Triethyl Orthoformate1

(1; R = Et)

[122-51-0]  · C7H16O3  · Triethyl Orthoformate  · (MW 148.23) (2; R = Me)

[149-73-5]  · C4H10O3  · Trimethyl Orthoformate  · (MW 106.14)

(precursor for higher analogs by reaction with alcohols,1c including cyclic orthoesters from polyols;2 for deoxygenation of 1,2-diols, affording alkenes;3 acetalization of carbonyl compounds;4 a dehydrating agent5 for enol ether formation;6 esterification of acids;7 formylation of active methylene compounds,8 heteroatom nucleophiles9 and organometallic reagents;10 formylation of electron-rich species; dialkoxycarbenium ion precursor;11 solvent for thallium trinitrate reactions12)

Alternate Name: triethoxymethane.

Physical Data: (1) bp 146 °C; d = 0.891 g cm-3; (2) bp 102 °C; d = 0.970 g cm-3.

Solubility: sol most organic solvents.

Form Supplied in: clear liquid; widely available.

Purification: distillation.

Handling, Storage, and Precautions: highly moisture sensitive; flammable; irritant with high volatility. Use in a fume hood.

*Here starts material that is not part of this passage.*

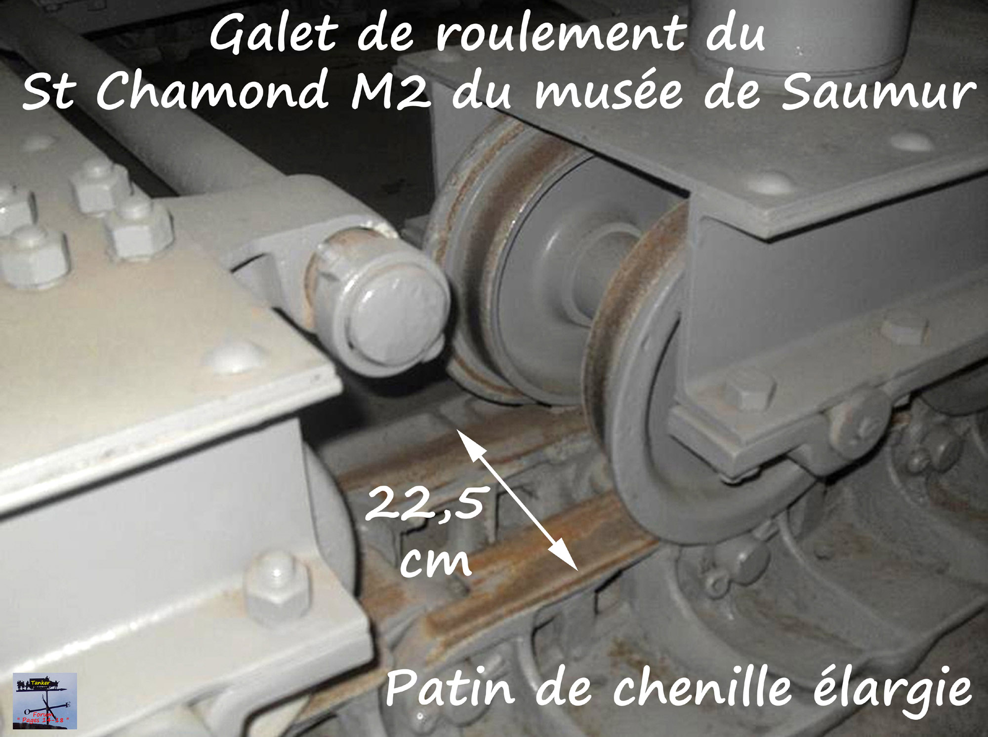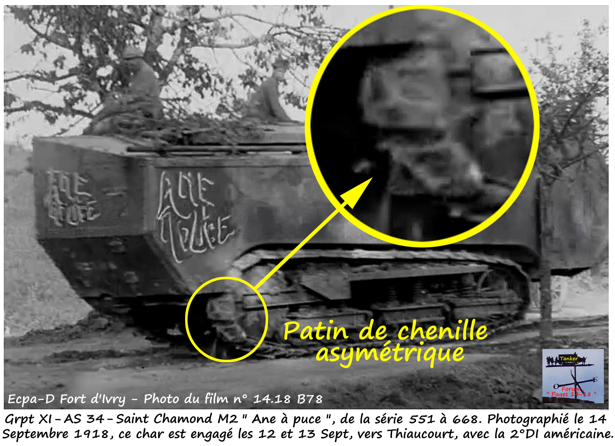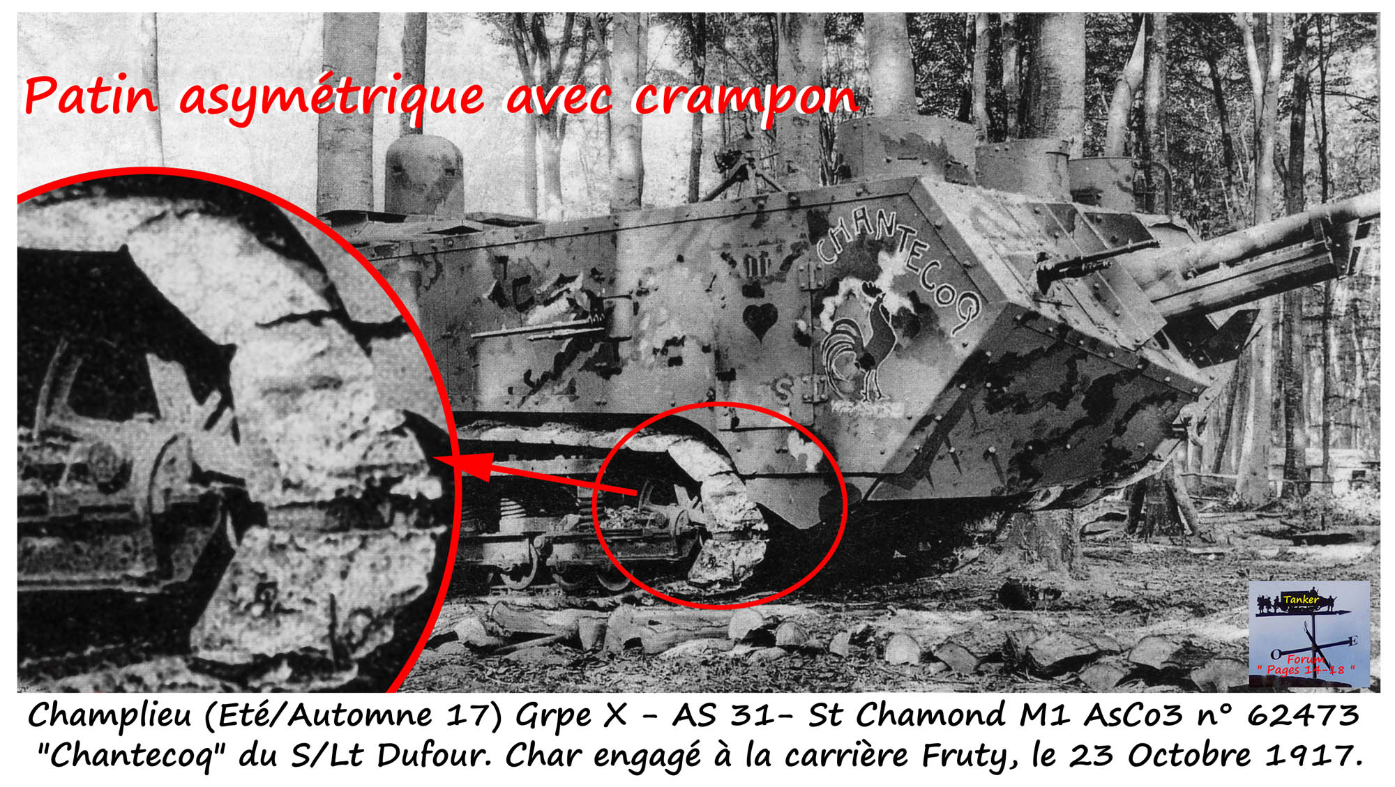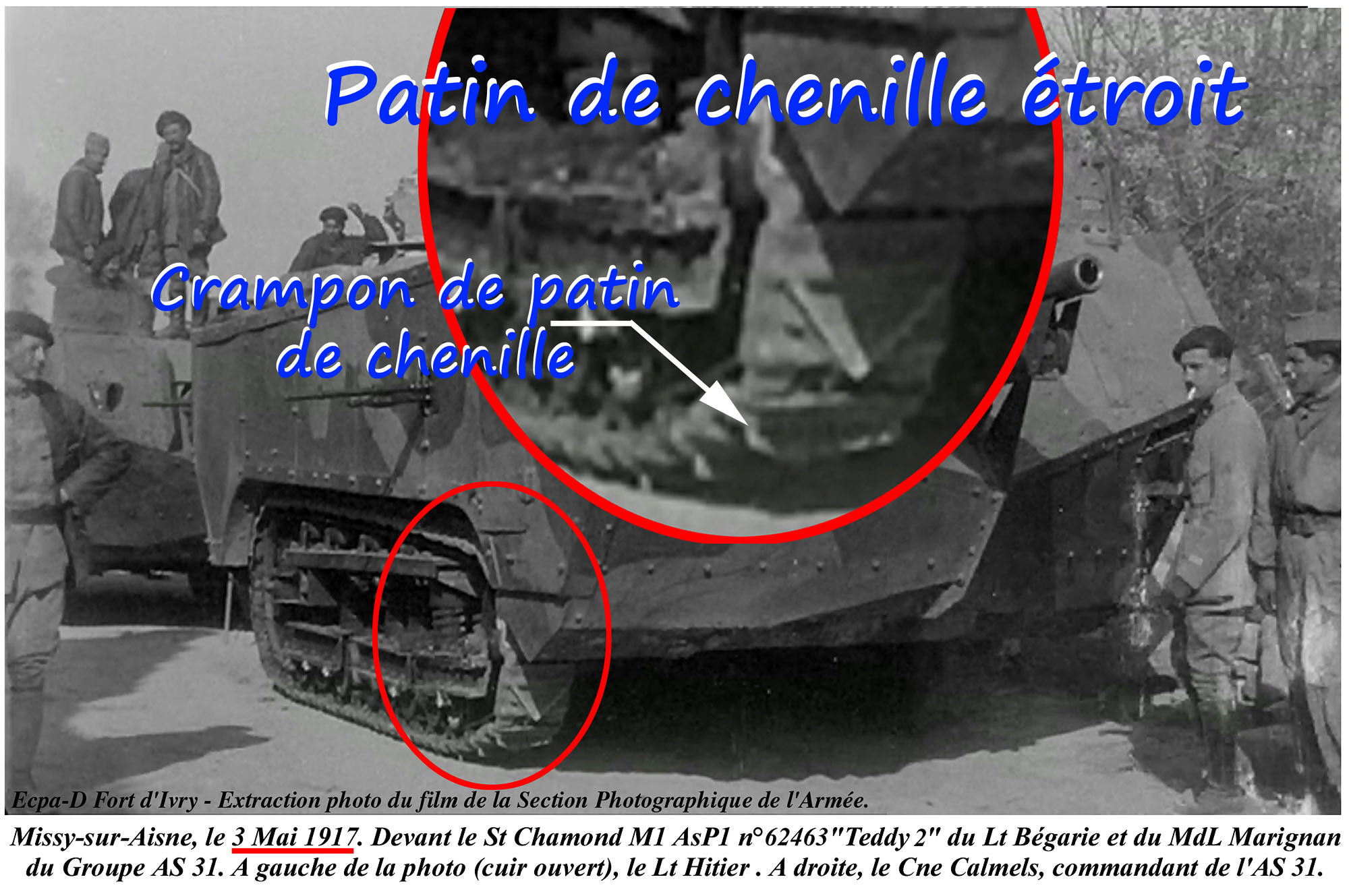 Les photos montrent bien que les premiers Saint Chamond, engagés sur le Chemin des Dames en Mai 1917, sont équipés de chenilles étroites et que dès le deuxième engagement de l'AS, en Octobre 1917, les chars disposeront de chenilles asymétriques.

The orthoformates are a remarkably useful group of reagents. They are shelf-stable, yet highly reactive. As alkylating agents, they readily transfer the associated alkyl group, a large variety of which are easily available. As formylation reagents, they are reactive under both acidic and basic conditions. The choice of ester is often arbitrary in this context.


Higher Orthoformates.

While there are many ways to obtain esters of orthoformic acid,1c an easy method takes advantage of the rapid equilibrium among orthoesters (eq 1). By starting with the lowest analog, trimethyl orthoformate, essentially complete conversion to the higher esters is possible by carrying out the reaction at such a temperature as to distill away the evolving methanol. It is important that reactions be carried out under anhydrous conditions to avoid formation of the formate through hydrolysis.

Cyclic Orthoformates.2

When the above strategy is applied to polyols, cyclic orthoformates can be isolated. Most common are the cyclization of 1,3-diols (eq 2)2,13 and 1,2-diols,14 as well as the formation of caged structures from the use of polyols (eq 3).15,16

Those orthoformates obtained from 1,2-diols (eq 4)3 can undergo cycloelimination upon pyrolysis to afford alkenes in high yield.17 There are a variety of methods for carrying out this overall process,18 but the orthoester route is competitive if the alkene is thermally stable.

Acetals and Enol Ethers.

The conversion of the orthoformate to formate is energetically favored. As a result, the acetalization of ketones by orthoformate is a highly favored process and allows the formation of acetals under exceedingly mild conditions. A wide variety of ketones can be converted into dimethyl acetals by the action of trimethyl orthoformate and p-Toluenesulfonic Acid. The methyl formate thus evolved is distilled away.4

The process is general and allows isolation of quite sensitive acetals (eq 5).19 The technique accommodates protection of a,b-unsaturated carbonyl compounds.20,21,22 While some form of acid catalysis is usually needed, there is great flexibility in the choice of acid, including Amberlyst 1523 and, in particular, Montmorillonite K10.24 Cyclic acetals are also accessible (eq 6).25

Upon distillation of some acetals,26 or upon attempted acetalization of highly conjugated species,26,27 the enol ether can also be observed. The choice of acid often determines whether the acetal or the enol ether is isolated.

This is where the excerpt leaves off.